By Hanno Brink, Machine Learning Engineer at Synthesis
There are a plethora of technologies for companies to choose from that can add value, increase competitiveness and improve business processes. The point is to choose correctly rather than getting lost in the lingo.
When it comes to cutting edge Artificial Intelligence (AI) and Machine Learning (ML) research, there have been many exciting and well publicised breakthroughs. An example of this is the new GPT3 model that has been causing quite a stir with its text generation abilities. It even seems to be capable of generating code snippets from only a brief description of what the functionality should look like. There are also reinforcement learning agents learning to beat masters of many games without the need for any human input. These breakthroughs are very exciting, but when it comes to the type of advances that organisations care about, there is a whole range of new trends that organisations, entrepreneurs and technical personnel can capitalise on.
ML and AI have been proposed as the tools that every organisation needs to embrace to stay competitive. Many organisations started adopting these technologies for specific use cases such as document validation, email routing, sentiment analysis, data pipeline monitoring, and some compliance and fraud detection tasks. AI can also enable businesses to perform tasks and deliver services that would not have been possible or feasible before the advent of AI technologies. Examples of this include the use of Natural Language Processing (NLP) and chatbots for increased customer engagement, customer base segmentation, churn prediction, hyper personalisation, and fraud detection.
A few organisations have learnt hard lessons with unsuccessful data projects and a few data projects have started adding exponential value. The technology is slowly being understood and the hype is slowly dying. This hype is now being replaced by a true understanding of the cost and limitations of these technologies. This is driving the adoption of technologies that are fundamental to building a solid foundation for improved Business Intelligence (BI), ML and AI adoption. One of the most pressing issues that organisations are addressing is the question of data ingestion and storage at scale. This is being solved by the building of data pipelines that transform raw data and feed it into data lakes, used to store data in a suitable place and format for further analysis.
Once the foundations are in place, organisations are addressing the maintainability issues of ML projects by making ML-Ops a key focus in their implementation of advanced algorithms, as a comprehensive ML-Ops capability provides an easy way to collect, prepare and store training data, iteratively train large ML models, detect model drift and version control models and training data. Many companies have created tools to address these issues, and a shortage of skills in this area makes this an exciting area to keep an eye on.
The high cost of development has led to a decline in the eagerness with which organisations are looking to build bespoke deep learning models for custom ML tasks. This brings us to the other interesting trend that is taking place, namely the use of pre-trained models and “AI as a service” offerings for common ML and AI tasks such as image analysis, document understanding, speech-to-text and many more. Since these tasks require an immense amount of data and fine-tuning to get a performant model, it makes sense to use an existing solution rather than having to build your own.

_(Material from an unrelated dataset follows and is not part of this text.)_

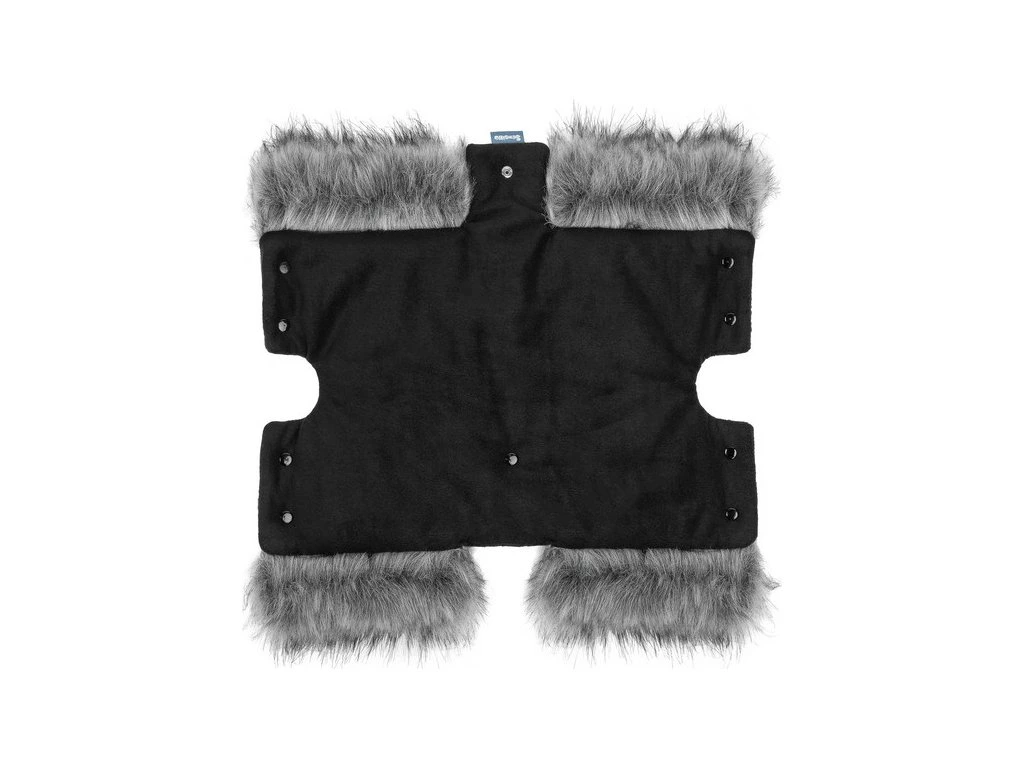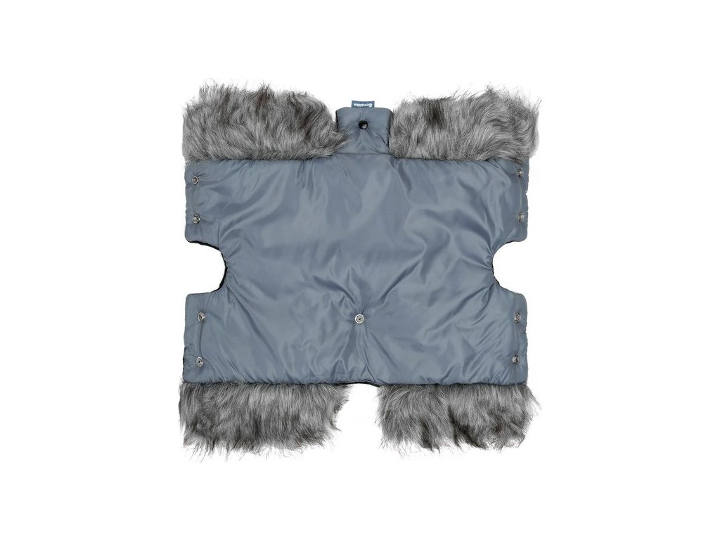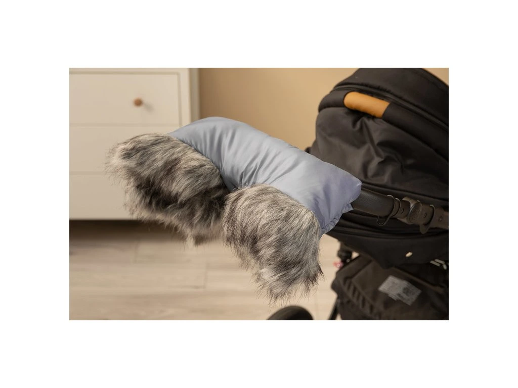 Univerzální návlek na kočárek s liškou chrání ruce před nepřízní počasí. Díky zapínání na druky neklouže z rukojeti kočárku ani sáněk. Z vnější strany je lemována voděodolným materiálem, uvnitř je vyplněna měkkým fleecem. Má vrstvu polyesterové výplně, která izoluje před chladem. Celé kouzlo dodává lem z umělé kožešiny.

One final trend in the AI/ML space is the rise of ML platforms as a service, where with very little time and infrastructure investment, organisations can provide their own data and requirements to the ML platform and very quickly iterate over model and data versions without the need to build the entire workflow from scratch.
As these technologies mature, the landscape is becoming more complex, and the thinking more nuanced. We can therefore look forward to many innovations in this space.